Case Study: Data Proves Passion for History Drives Arrivals

The CVB Marketing Communications team uses trends and insights in their data to identify and find solutions for media and content development strategy that influences visitor arrivals. The marketing and leadership team wanted to test digital campaign strategy surrounding five lifestyle travel pillar messaging, known as “passion pillars” (arts/entertainment, history, outdoors, culinary and craft beer), that supplemented traditional brand placements (out of home, TV, print). The organization needed further understanding to how those five pillars were influencing actual arrivals, how to optimize towards best-performing pillars and gauge overall strategy influence on two key measures: lift in destination familiarity and intent to travel.

Meanwhile, media headlines of neighboring destination Williamsburg, a city with established brand equity for historic offerings, was suffering from major declines in visitation. Stakeholders wondered: has consumer interest in historic offerings waning in general? The CVB turned to several research partners to help.

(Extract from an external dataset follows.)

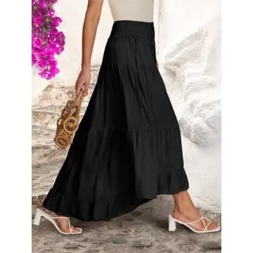 ANRABESS Women Summer Maxi Skirt Elastic High Waist Flowy Boho Casual Tiered Aline Long Beach Skirts 2025 Trendy Outfits Black Medium
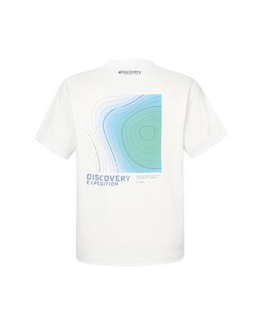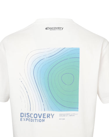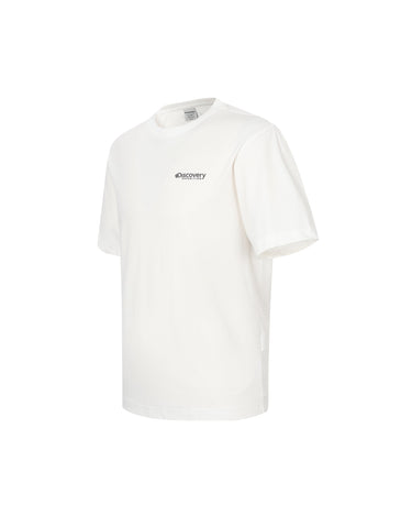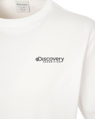 - Short-sleeved T-shirt with the Discovery logo on the chest and the box contour and lettering graphic using the crack technique on the back as points

First, the CVB contracted with marketing data solutions provider Arrivalist, a research vendor that anonymously measures change in the locations of network-enabled devices after a sequence of media exposures to tell marketers which messages are influencing travelers, and how many of these travelers are on the move. Effectiveness of media is used by the Arrivals Per Thousand Metric (APM). Digital ads were tagged with Arrivalist pixels and categorized by campaign name, date and passion pillar for ease of identification.

In addition to existing Arrivalist and Google Analytics data, the CVB worked with Richmond-based research firm SIR to conduct an online qualitative brand awareness and tracking study. Results were collected by comparing intent to travel in markets where the brand messaging plus passion pillar retargeting messaging existed, versus markets where only brand advertising or no advertising existed.

Measuring Success:
Out of all the five pillars, targeted travel ads to consumers interested in history saw the highest APM. History display ads also saw the second highest click through rate (0.56%) behind craft beer (0.96%). Note the History CTR of 0.56% is 460% higher than the industry CTR of 0.10%. By using data insights they acquired via Arrivalist, the CVB was able to significantly optimize towards best performing creative, increase the clickthrough and conversion rates of their ads and plan additional future content surrounding history offerings.

The SIR qualitative study also helped prove that passion pillar messaging plus brand messaging influenced intent to travel stronger that brand-only or control markets. As a result, all target markets now include both brand messaging and passion pillar messaging, which required a significant adjustment in overall media planning and buying.